══ Records provided

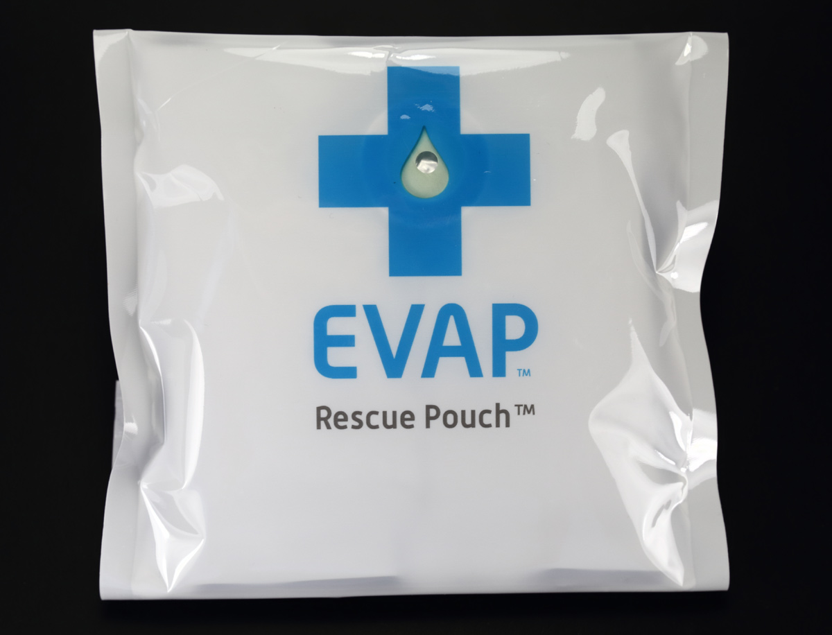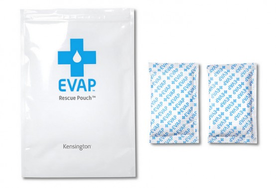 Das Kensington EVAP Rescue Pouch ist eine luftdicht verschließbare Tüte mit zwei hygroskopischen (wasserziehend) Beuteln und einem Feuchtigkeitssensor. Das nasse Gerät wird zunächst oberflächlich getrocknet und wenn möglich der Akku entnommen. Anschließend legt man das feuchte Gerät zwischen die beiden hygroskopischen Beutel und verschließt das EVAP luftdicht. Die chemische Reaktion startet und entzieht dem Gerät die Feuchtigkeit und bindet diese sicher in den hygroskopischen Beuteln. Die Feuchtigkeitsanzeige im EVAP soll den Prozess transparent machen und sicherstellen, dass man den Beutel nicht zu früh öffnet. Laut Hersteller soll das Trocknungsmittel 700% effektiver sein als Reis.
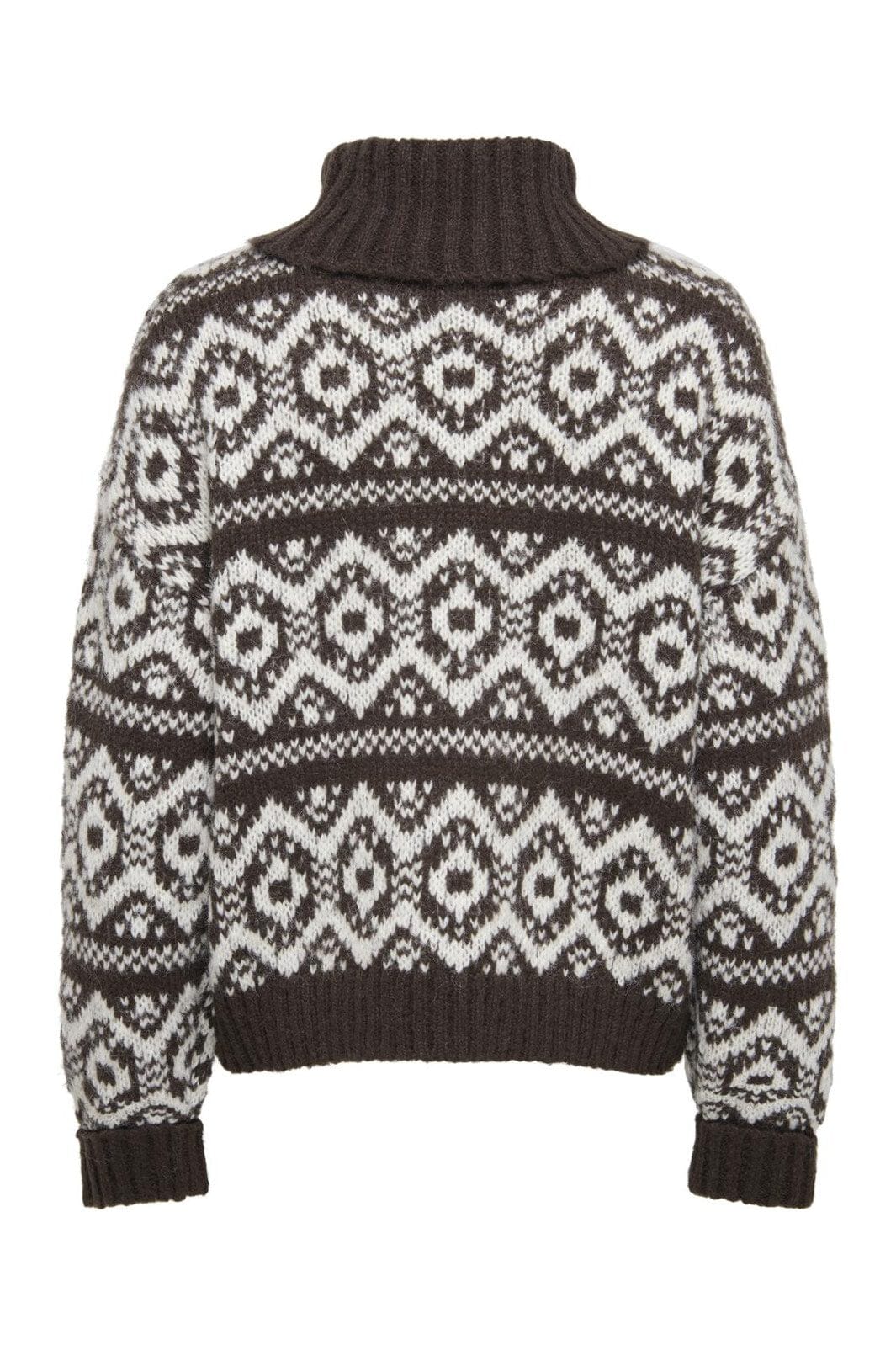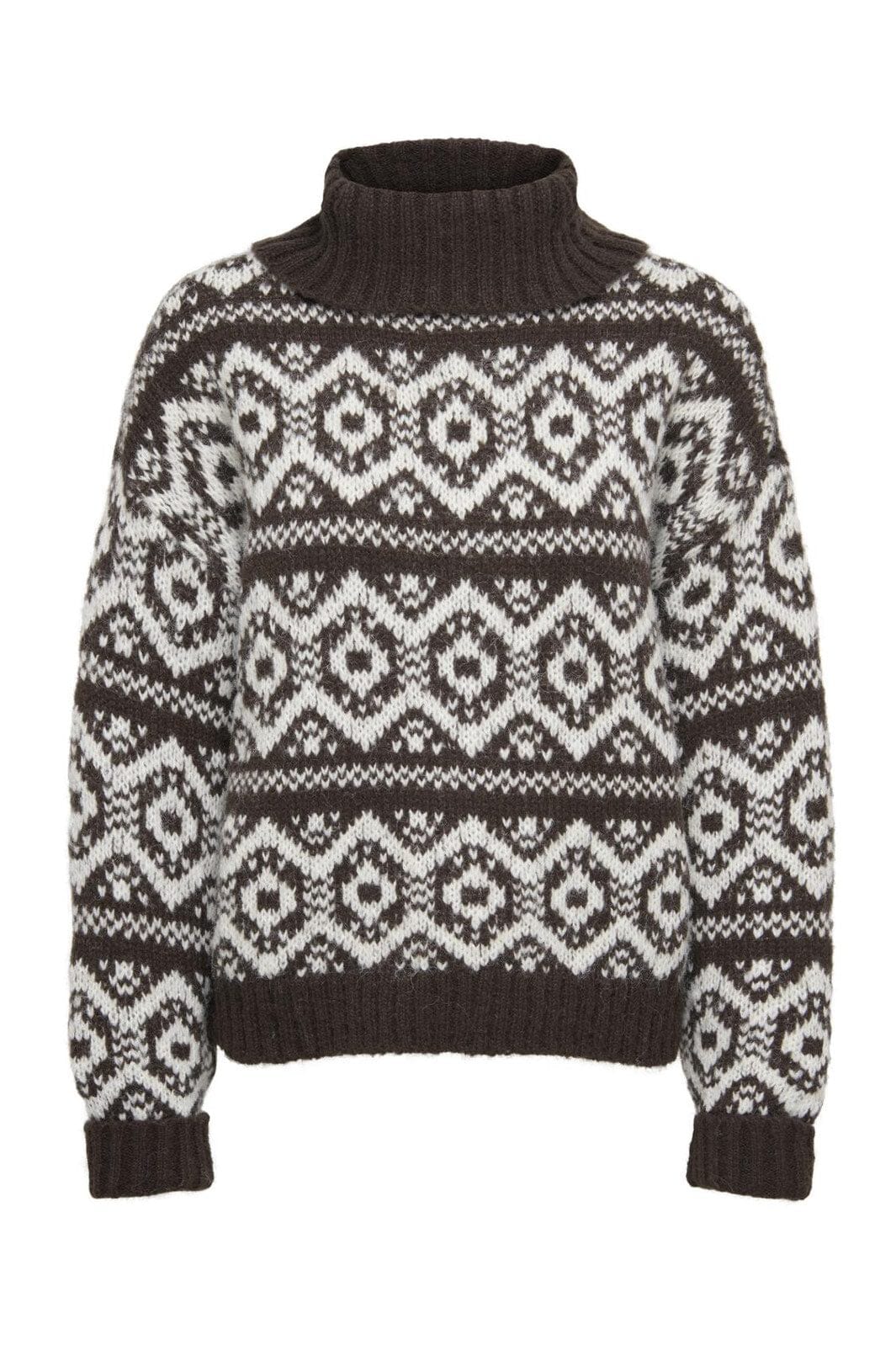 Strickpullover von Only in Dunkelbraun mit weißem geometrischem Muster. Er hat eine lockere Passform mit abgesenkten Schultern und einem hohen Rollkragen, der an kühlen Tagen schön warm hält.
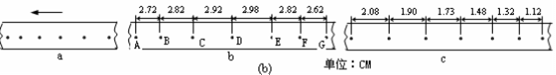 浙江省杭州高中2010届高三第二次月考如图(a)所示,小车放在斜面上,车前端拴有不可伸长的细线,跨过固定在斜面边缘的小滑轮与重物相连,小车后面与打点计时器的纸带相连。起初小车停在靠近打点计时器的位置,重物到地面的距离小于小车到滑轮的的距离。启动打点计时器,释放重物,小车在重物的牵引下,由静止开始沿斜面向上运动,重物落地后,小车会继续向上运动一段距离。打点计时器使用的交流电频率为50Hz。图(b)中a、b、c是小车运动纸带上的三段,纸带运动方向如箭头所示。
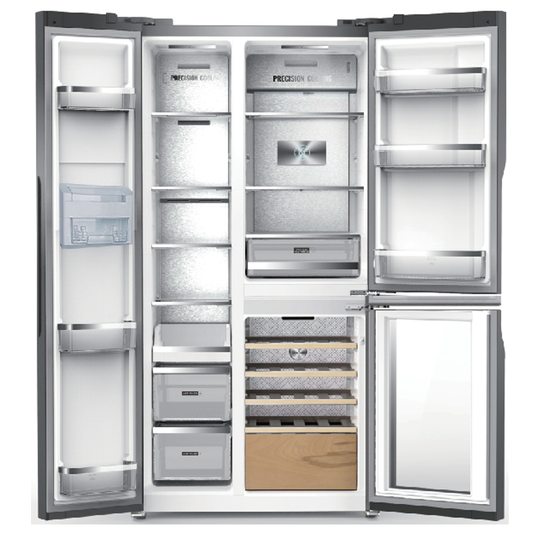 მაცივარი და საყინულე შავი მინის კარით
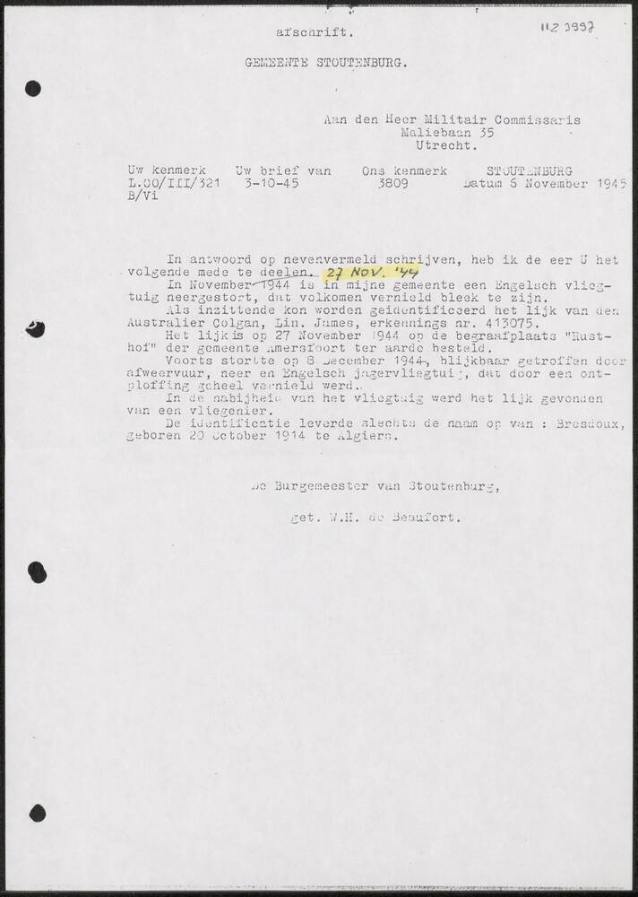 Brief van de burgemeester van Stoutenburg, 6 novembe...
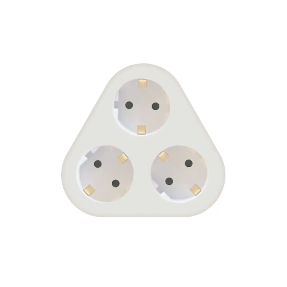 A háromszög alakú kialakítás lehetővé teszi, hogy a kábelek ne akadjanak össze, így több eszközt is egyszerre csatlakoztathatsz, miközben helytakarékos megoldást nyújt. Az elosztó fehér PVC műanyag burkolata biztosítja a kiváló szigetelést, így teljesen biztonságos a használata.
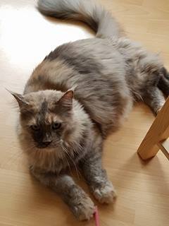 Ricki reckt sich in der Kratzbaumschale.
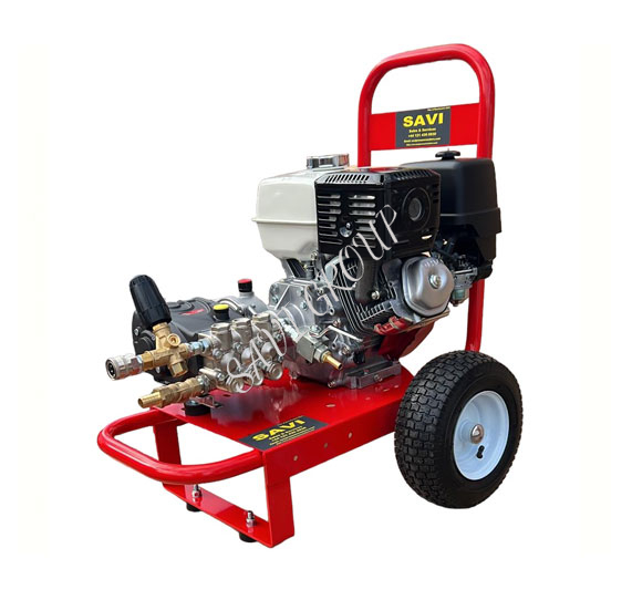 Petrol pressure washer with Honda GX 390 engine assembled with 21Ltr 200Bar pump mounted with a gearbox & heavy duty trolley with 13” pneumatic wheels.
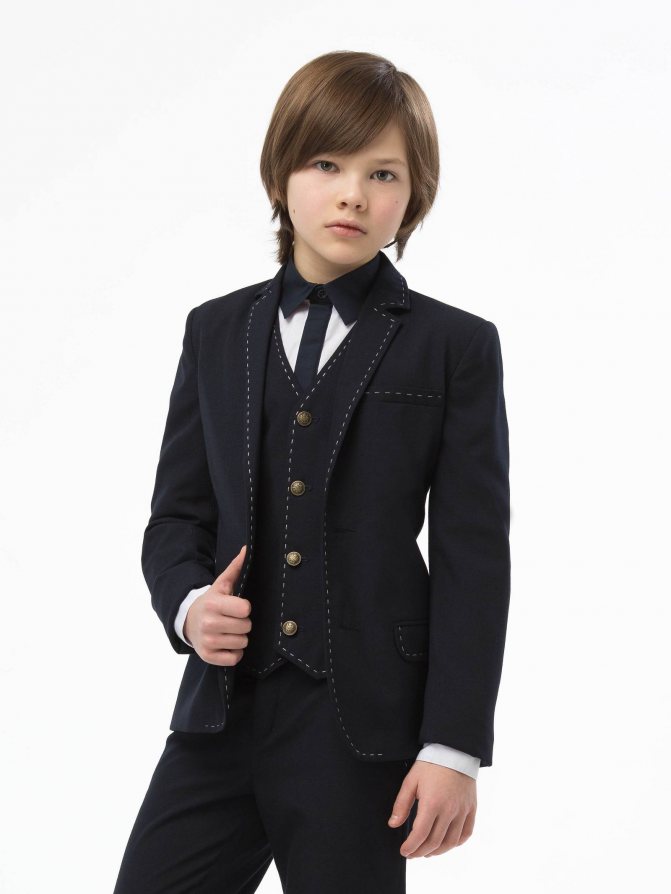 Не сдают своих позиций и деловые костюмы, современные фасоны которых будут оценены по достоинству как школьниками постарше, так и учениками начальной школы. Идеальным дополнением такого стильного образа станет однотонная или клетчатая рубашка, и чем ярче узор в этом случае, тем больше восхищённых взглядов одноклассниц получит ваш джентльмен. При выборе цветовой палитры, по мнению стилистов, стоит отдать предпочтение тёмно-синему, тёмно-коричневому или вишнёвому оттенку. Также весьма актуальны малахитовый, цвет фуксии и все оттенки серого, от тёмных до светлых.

════

## Task
What is needed is a word-for-word copy of the data, minus its pictures.

## Answer space
 Das Kensington EVAP Rescue Pouch ist eine luftdicht verschließbare Tüte mit zwei hygroskopischen (wasserziehend) Beuteln und einem Feuchtigkeitssensor. Das nasse Gerät wird zunächst oberflächlich getrocknet und wenn möglich der Akku entnommen. Anschließend legt man das feuchte Gerät zwischen die beiden hygroskopischen Beutel und verschließt das EVAP luftdicht. Die chemische Reaktion startet und entzieht dem Gerät die Feuchtigkeit und bindet diese sicher in den hygroskopischen Beuteln. Die Feuchtigkeitsanzeige im EVAP soll den Prozess transparent machen und sicherstellen, dass man den Beutel nicht zu früh öffnet. Laut Hersteller soll das Trocknungsmittel 700% effektiver sein als Reis.
 Strickpullover von Only in Dunkelbraun mit weißem geometrischem Muster. Er hat eine lockere Passform mit abgesenkten Schultern und einem hohen Rollkragen, der an kühlen Tagen schön warm hält.
 浙江省杭州高中2010届高三第二次月考如图(a)所示,小车放在斜面上,车前端拴有不可伸长的细线,跨过固定在斜面边缘的小滑轮与重物相连,小车后面与打点计时器的纸带相连。起初小车停在靠近打点计时器的位置,重物到地面的距离小于小车到滑轮的的距离。启动打点计时器,释放重物,小车在重物的牵引下,由静止开始沿斜面向上运动,重物落地后,小车会继续向上运动一段距离。打点计时器使用的交流电频率为50Hz。图(b)中a、b、c是小车运动纸带上的三段,纸带运动方向如箭头所示。
 მაცივარი და საყინულე შავი მინის კარით
 Brief van de burgemeester van Stoutenburg, 6 novembe...
 A háromszög alakú kialakítás lehetővé teszi, hogy a kábelek ne akadjanak össze, így több eszközt is egyszerre csatlakoztathatsz, miközben helytakarékos megoldást nyújt. Az elosztó fehér PVC műanyag burkolata biztosítja a kiváló szigetelést, így teljesen biztonságos a használata.
 Ricki reckt sich in der Kratzbaumschale.
 Petrol pressure washer with Honda GX 390 engine assembled with 21Ltr 200Bar pump mounted with a gearbox & heavy duty trolley with 13” pneumatic wheels.
 Не сдают своих позиций и деловые костюмы, современные фасоны которых будут оценены по достоинству как школьниками постарше, так и учениками начальной школы. Идеальным дополнением такого стильного образа станет однотонная или клетчатая рубашка, и чем ярче узор в этом случае, тем больше восхищённых взглядов одноклассниц получит ваш джентльмен. При выборе цветовой палитры, по мнению стилистов, стоит отдать предпочтение тёмно-синему, тёмно-коричневому или вишнёвому оттенку. Также весьма актуальны малахитовый, цвет фуксии и все оттенки серого, от тёмных до светлых.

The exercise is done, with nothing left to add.